Die Gemeinschaftswährung setzt im Handel am Mittwochvormittag den Aufwärtstrend des Vortages fort. Der Euro durchbrach dabei die Grenze von 1,10 Dollar. Den weiterer Verlauf könnte am Abend die US-Notenbank beeinflussen.
29.04.2015 Update: 29.04.2015 - 10:58 Uhr
In der Hoffnung auf eine Einigung im Schuldenstreit mit Griechenland stieg Gemeinschaftswährung zuletzt um etwa einen US-Cent. Quelle: dpa
Eurokurs zuletzt leicht gestiegen

In der Hoffnung auf eine Einigung im Schuldenstreit mit Griechenland stieg Gemeinschaftswährung zuletzt um etwa einen US-Cent.

(Foto: dpa)

Frankfurt Der Euro hat am Mittwochvormittag nach kräftigen Kursgewinnen am Vortag weiter zugelegt. Erstmals seit Ende Februar übertraf die Gemeinschaftswährung wieder die Grenze von 1,10 Dollar. Am Vormittag wurde die Gemeinschaftswährung bei 1,1009 Dollar gehandelt und lag damit etwa einen Viertelprozentpunkt über dem Kurs vom Vorabend. Die Europäische Zentralbank (EZB) hatte den Referenzkurs zuletzt am Dienstag auf 1,0927 (Montag: 1,0822) Dollar festgesetzt.

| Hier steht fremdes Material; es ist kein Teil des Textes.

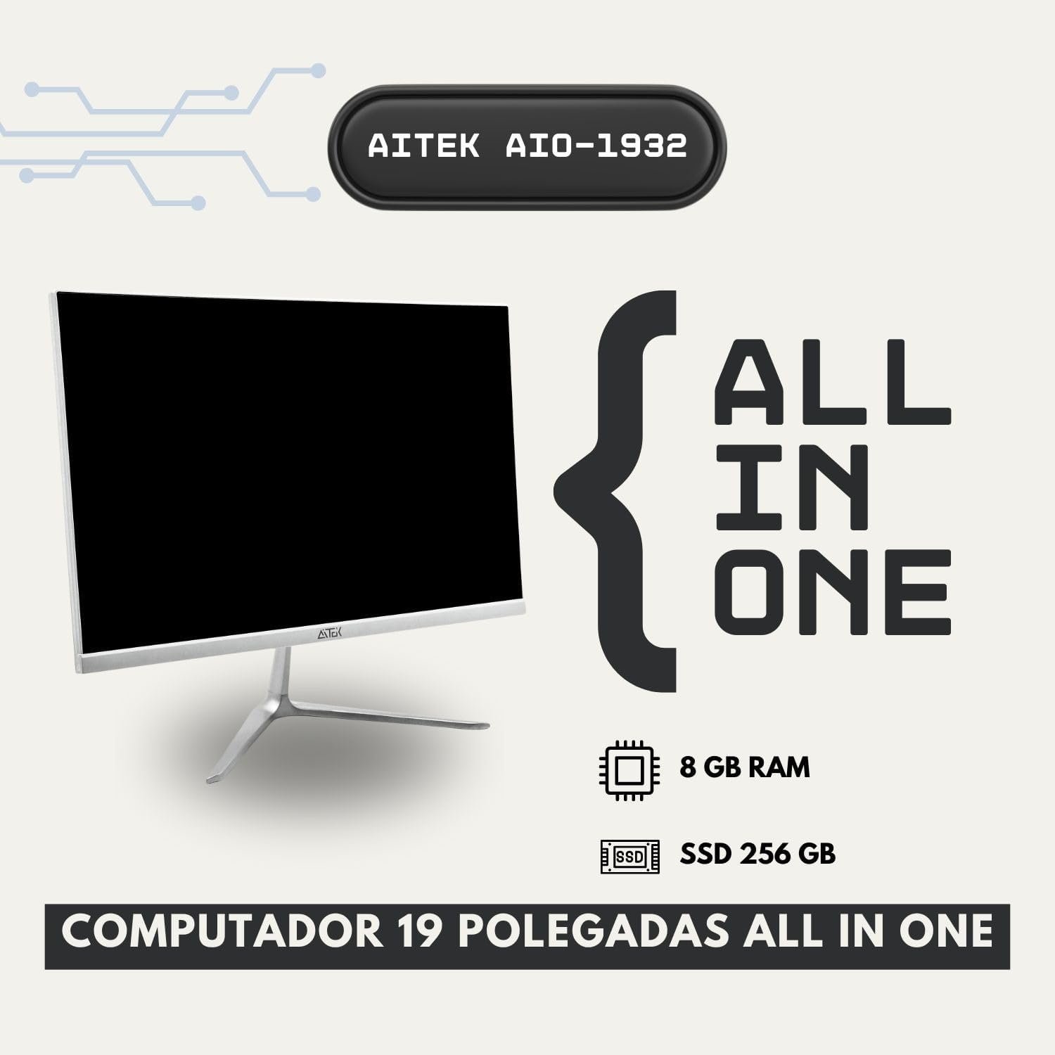 Computador All IN ONE 256GB INTEL I5 3ª Geração 8GB RAM 19 Polegadas 1080p Tela LCD Full HD LED Auto-Falantes Integrado – Aitek AIO-1932

Am Vortag war der Euro mit der Hoffnung auf eine Einigung im Schuldenstreit mit Griechenland bereits um etwa einen US-Cent gestiegen. Im weiteren Handelsverlauf steht nun die US-Geldpolitik im Fokus. Die Anleger warten gespannt auf die Ergebnisse der Sitzung der amerikanischen Notenbank Fed und auf mögliche Hinweise zum Zeitpunkt der ersten US-Zinserhöhung seit der schweren Wirtschaftskrise.

Nach Einschätzung der Devisenexpertin Thu Lan Nguyen von der Commerzbank wäre es vor dem Hintergrund enttäuschender US-Konjunkturdaten eine Überraschung, wenn die Fed eine baldige Zinserhöhung im Juni andeuten würde.